Isn't that a major bug in sync_file_range then?

It is one of those cases of a syscall that does not do what you think
it does. All it does is cause write out to be initiated (and possibly
wait until the writeout has completed). It does not ensure the writeout
hits the underlying device.

How does f(data)sync()
ensure data is on physical disk while sync_file_range returns when it
only transmitted to the disk?

Is that because f(data)sync() will cause a FLUSH+FUA pair on the
underlying FS (or FLUSH on a device)?

Yes. But it's more than that. If you write to a CoW based filing system,
fsync (and even fdatasync) will ensure the CoW metadata is also flushed
to the device, whereas sync_file_range won't. Without the CoW metadata
being written, the data itself is not really written.

You don't. To be safe, I'd error every write (i.e. turn the medium
read only).

Why not return EIO on the next FLUSH? If I return success on the next
FLUSH that would make the client thing the write has successfully
migrated to the physical medium. Which would not be true.

Because
a) there may not be a next FLUSH at all
b) the next FLUSH might come in a long time, and you really don't
  want the FS to continue writing to a disk that has an error in.
c) the error checking on FLUSH may lose the error.

To be clear, I wasn't saying "don't error the next flush". I am
saying you should error ALL write-based commands including the next
flush and every other flush.

And turning the device read-only seems like a bad idea. How would
badblocks be able to work then?

The FS going readonly is exactly what happens if you have an error
on a SCSI disk. I presume you then detach the drive, reattach and
run badblocks.

I suppose if one error is enough to make the FS go read-only you
might be safe just erroring one flush.

    The current behaviour is b I think

correct, but this is indistinguishable from a client point of view from
(a).

It makes a difference if the nbd-server process dies but the system
itself doesn't crash. With b the data will still end up on disk. Slight
difference. But I guess in both cases the power can fail and loose the
data and clients have to assume that might happen.
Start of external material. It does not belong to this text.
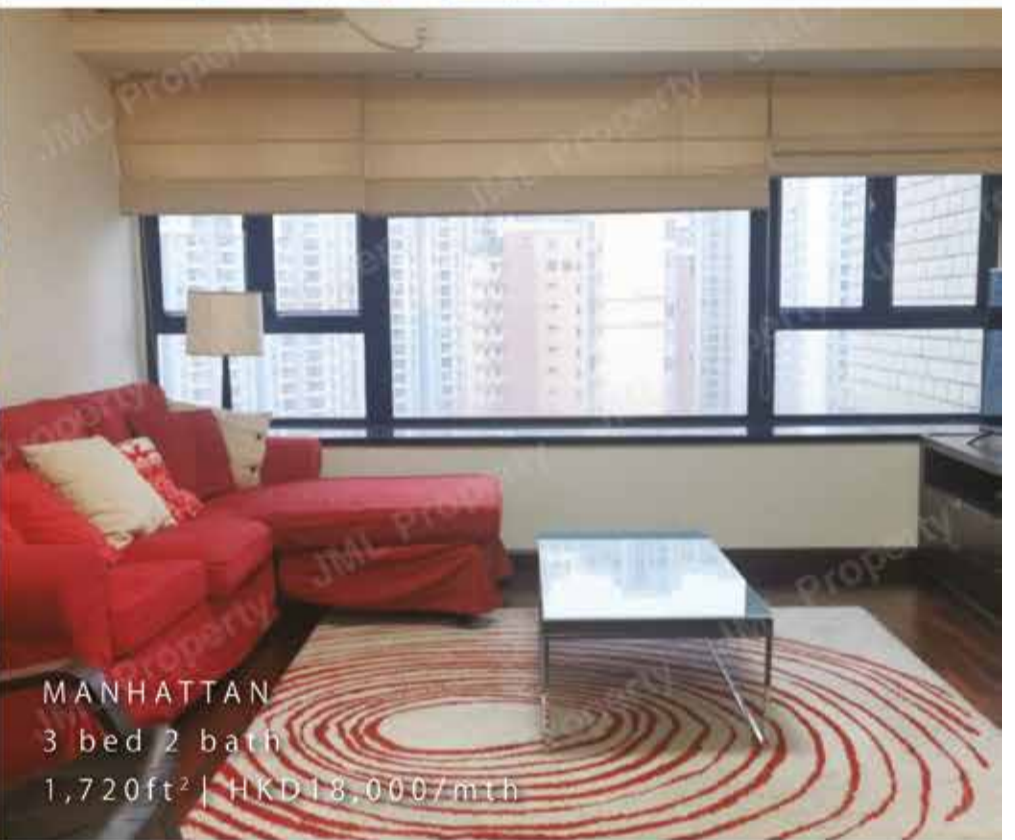
MANHATTAN 3 bed 2 bath 1,720ft 2 | HKD18,000/mth
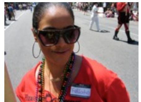
The float amassed spontaneous volunteers en route

Right, but you might have (for instance) a write-log, so the next
start of nbd-server cleans things up. The assumption should be that
if FLUSH or FUA is complete, the relevant data is in non-volatile
storage (somehow), i.e. restarting after a power cut will result in
the data being there.

There's not much point the server asking the client to set a bit on
every request, because it can set it itself; it's /practically/ identical
to FUA on everything (I think there may be a difference in metadata,
i.e. syncing mtime).

What happens if the client mounts a filesystem with sync option? Does
nbd then get every request with FUA set?

No. The client sends FUA only when there is FUA on the request. The sync
option is a server option, and the server merely syncs after every
request.

It might make sense to implement a NBD_FLAG_SYNC option the nbd-client
can set in the handshake to force an export into sync mode.

Oh I see, so it can force everything to be synchronous, whether the
server (or the kernel) want it to or not.

  I'm considering haveing an --auto-sync mode that runs in sync mode
  when NBD_FLAG_SEND_FUA and NBD_FLAG_SEND_FLUSH is not used. This would
  be slow for old clients and fast for new ones but ensure data
  integrity for both. Maybe something nbd-server could use too.

Note that even if you set NBD_FLAG_SEND_{FUA,FLUSH} you won't actually
get FUA / FLUSH unless:

a) the client supports it (because the client has to do a SETFLAGS
  ioctl)

No. The --auto-sync mode would take care of exactly that. If the client
does not supports FUA/FLUSH then sync would be activated.

If you don't issue the ioctl (which you won't unless the client
supports it), FLUSH and FUA won't be sent. This is to prevent the
kernel sending FLUSH and FUA to servers that don't support them.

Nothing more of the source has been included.